Пропал хладнокровный боец-антикоммунист. Пропал ловкий профессионал-политик, не гнушавшийся грязных трюков. Он перестал уделять излишнее внимание женщинам и наркотикам, играть с прессой в осла, бегущего за морковкой, развлекаться на вечеринках, прекратил праздную жизнь и всё, что создавало славу его Камелоту. На место всему этому пришёл аскетизм.
— Что? — переспросил Суэггер.
— Аскет— человек с железной самодисциплиной и чёткими моральными принципами. Истинно верующий.
— А, понял.
— Подойдя так близко к смерти, он возненавидел её и решил поставить её вне закона везде, где это только было возможно. В своей политике, ощущая хрупкость жизни, стремительность, с которой её можно отнять и постоянство последствий любого, даже самого незначительного акта жестокости, он сделался пацифистом. Он увидел, что война неправильна в любом своём проявлении и в каждом смысле— как в абстрактном, так и в конкретном. Кеннеди понял, что сила есть жалкое прикрытие страха, что излучая любовь можно добиться куда как больше, чем если обороняться, в то же время заряжаясь и наводя прицел.

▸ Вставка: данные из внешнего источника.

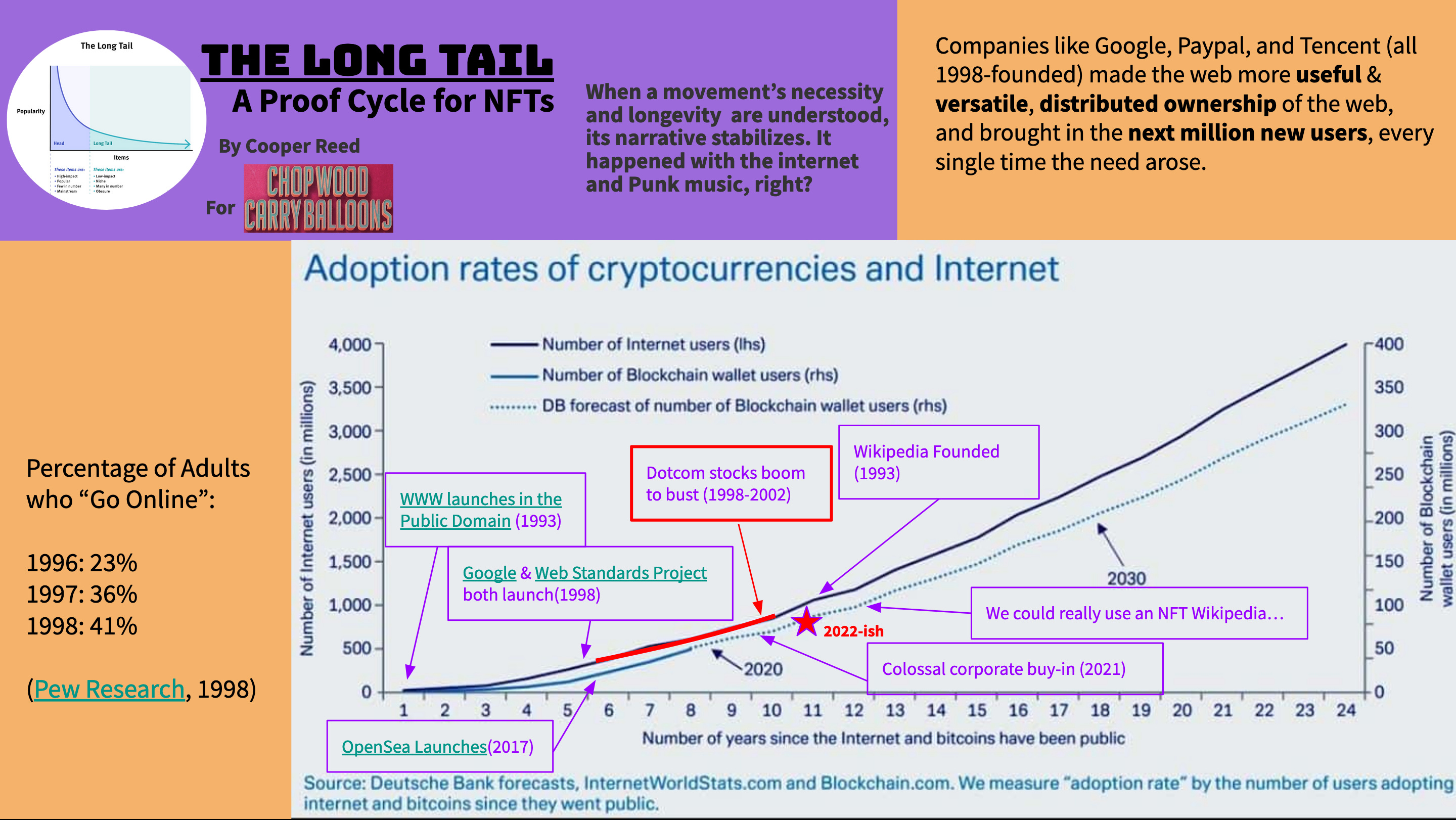 Along with the life-giving sunlight of attention, crypto and NFTs still need the flood of regulation that marked the late-90s internet explosion. We finally seem poised to get it. The US has started to sanction blockchain addresses associated with NFT theft, and prosecute public project founders who try to jump ship early. With luck, new legislation will provide better guidelines for what exactly an NFT promises, and better tools to ensure that those promises are upheld.

Он отозвал десять тысяч солдат из Вьетнамской республики, он урезал оборонные расходы на сто миллионов долларов, открыл пути к восстановлению дружеских отношений с Кастро на Кубе и приказал ЦРУ прекратить всю анти-Кастровскую активность. Он также запретил Агентству вмешиваться во внутреннюю политику множества стран Африки и Латинской Америки, и все они живо бросились к коммунистам, как и Южный Вьетнам, поглощённый без борьбы Северным. Его не волновало, что мы «теряем» эти страны: мы «побеждали» избегая борьбы, в которой теряли бы нашу драгоценную молодёжь.